Can you draw any conclusions about our times?
  • These are dark times.
  • Dictators fall, but there are always more dictators.
  • The country you love will not necessarily protect you.
  • Your birth family will not necessarily protect you, but any family based on love and compassion is your true family.
  • Humans seek peace and freedom through politics, but also through love and art.
The films were
  1. After the Battle (Egypt, Yousry Nasrallah)  Poor people living outside the wall around the pyramids are befriended by one of the rich activists who is protesting against Mubarak in Tahrir Square.  
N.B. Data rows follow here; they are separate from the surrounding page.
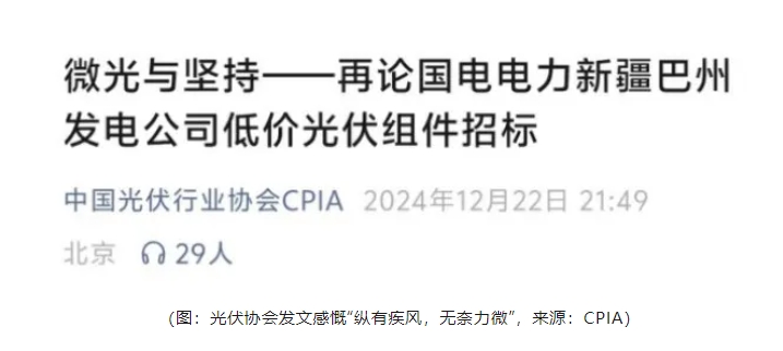 12月22日,协会深夜发布题为《微光与坚持——再论国电电力新疆巴州发电公司低价光伏组件招标》的文章,充满悲情地感慨“纵有疾风,无奈力微”。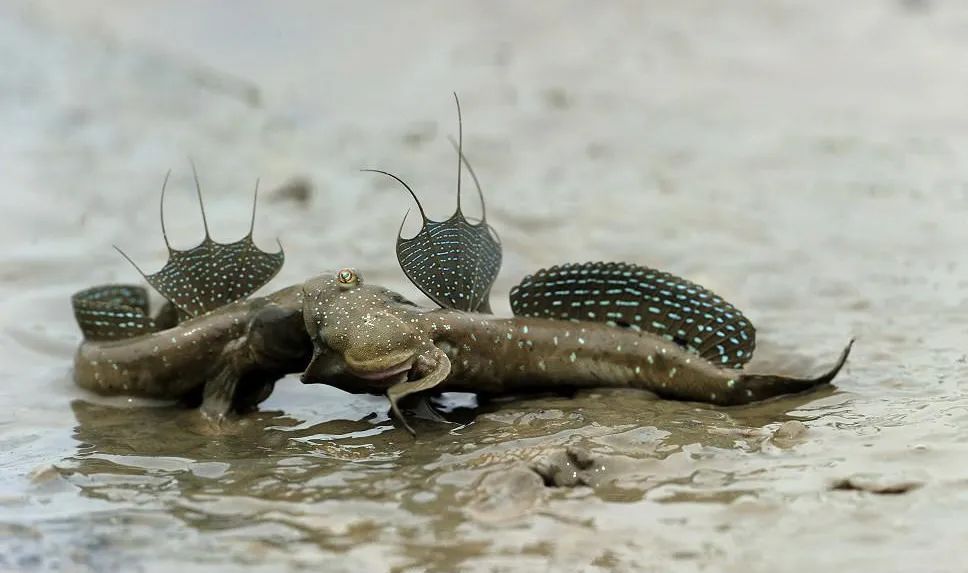 湿润绵软的滩涂上,弹涂鱼一改鱼类的水生常态,近乎疯狂地爬行弹跳,看起来就像是爬出深井的小青蛙一样可爱欢快。正因如此,它们才获得了“跳跳鱼”的别称。作为从海洋爬向陆地的典型生物,弹涂鱼强劲有力的肌肉让它们拥有了沙滩跳远和跳高运动员的美誉。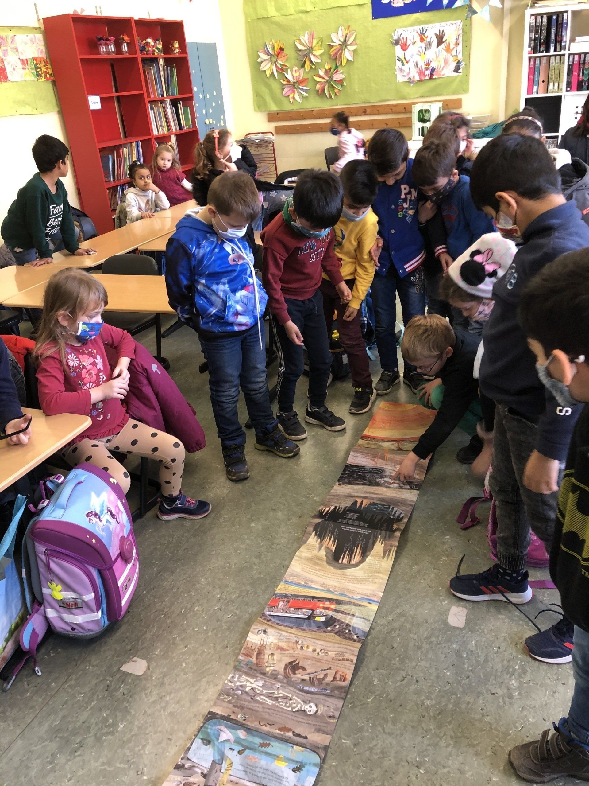 Am internationalen Vorlesetag hat Frau Römer uns „Das kleine Gespenst“ vorgelesen. Das war schön und lustig. Am Montag danach hat Frau Keller mit uns noch ein super spannendes Buch gelesen. Es heißt „Unter unseren Füßen“ und lässt sich 1,5m weit nach unten ausklappen. Man kann dort sehen, was alles unter unseren Füßen ist. Da sind zum Beispiel Abwasserrohre, U-Bahn-Schächte und man kann sogar den flüssigen Erdkern sehen. Auf der Rückseite kann man das Buch wieder zurückklappen und man reist wieder an die Erdoberfläche zurück. Dort erfährt man etwas über die unterschiedlichen Erdschichten, Gesteinsschichten, Mineralien, Pflanzen/Wurzeln und welche Tiere so im Boden leben. Das war wirklich spannend und wir hatten viel zu schauen und wussten auch schon ganz viel, was wir dazu erzählen konnten.
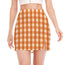 Orange And White Checkered Pattern Print Side Slit Mini Skirt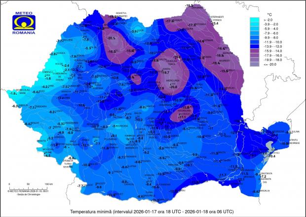 UPDATE 09:25 În această dimineață ANM a înregistrat 4 recorduri termice zilnice la stațiile Darabani, Stânca Ștefănești, Gura Portiței, Oltenița, unde a fost cea mai rece dimineață de 18 ianuarie din ultimii aproximativ 60 de ani.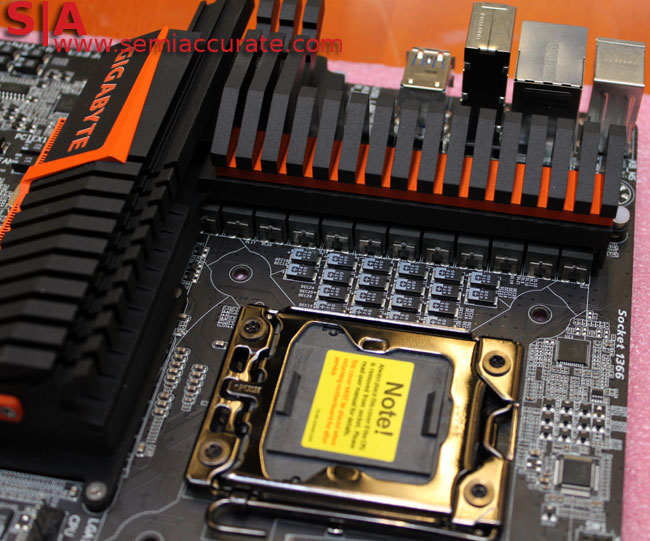 We already mentioned most of the key features in our piece about the board last week, but we were told about a few extra features that we weren’t aware of. For starters the 12-phase PWM design is meant to be as good as Gigabyte’s previous 24-phase design thanks to the custom made 50A MOS chips and chokes, as this board can actually deliver as much, if not more power than Gigabyte’s previous designs.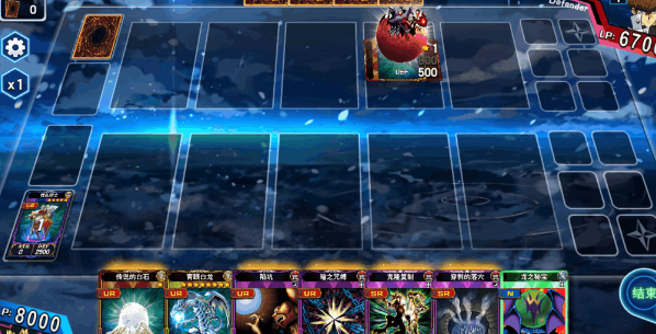 过关方式:使用融合准备检索白龙,用其中两个攻击表示的怪当祭品召唤白龙,使用爆裂疾风弹然后白龙切防御状态,用剩下的攻击表示的怪攻击骗出神反,然后使用融合召唤究极龙,接着召唤把究极龙当做祭品召唤光龙用光龙攻击对面骗出暗之束缚,最后用帝王海马攻击玩家!游戏结束!

  2. Out in the Dark (Israeli/USA, Michael Mayer) A gay Palestinian falls in love with an Israeli.  
  3. Stories We Tell (Canada, Sarah Polley)  Sarah Polley goes in search of her bio-daddy and finds her mother.
  4. Inch'Allah (Canada, Anais Barbeau-Lavalette)  A French-Canadian works in the West Bank, but lives on the Israeli side.
  5. The Attack (Lebanon/France/Qatar/Egypt/Belgium, Ziad Doueiri)  A successful Palestinian surgeon working in an Israeli hospital finds out that the latest suicide bomber was his wife.
  6. A Few Hours of Spring (French, Stéphane Brizé)  A trucker screws up his life and ends up in jail.  The film begins with his release from jail when he moves in with his terminally ill mother who is seeking an assisted suicide.  They have some communication issues.
  7. Midnight's Children (Canada/UK, Deepa Mehta)  The political events in 20th century India as experienced by the children born at midnight the day India gained independence from Britain.  Events include the separation of India and Pakistan and the war in Bangladesh.
  8. Lore (Australia/UK/Germany, Cate Shortland)  After their Nazi parents are arrested, five children, led by the oldest, a 14-year-old daughter, cross the destroyed German landscape to their grandparents home.
  9. Fill the Void (Israel, Rama Burshtein)  An orthodox Jewish girl is looking forward to her wedding when her older sister dies in childbirth.  Her family wants her to marry the widower.
  10. A Late Quartet (USA, Yaron Zilberman)  When the cellist and leader of a famous string quartet becomes ill, each member of the quartet has to adapt.
  11. Hannah Arendt (Germany, Margarethe von Trotta)  An examination of the trial of Eichmann through the eyes of Hannah Arendt.  Her conclusions challenge the philosophical community.
  12. Argo (USA, Ben Affleck)  The US government chooses the least worst solution to rescuing six Americans who are hiding in the Canadian embassy after all the others in the US embassy are taken hostage.
  13. The Reluctant Fundamentalist (India/Pakistan/USA, Mira Nair)  A brilliant South-Asian American rises to the top of the financial world, but the all-profit mentality of it (merging companies, slashing jobs) combined with the post-911 harassment of American Muslims, causes him to return to Pakistan.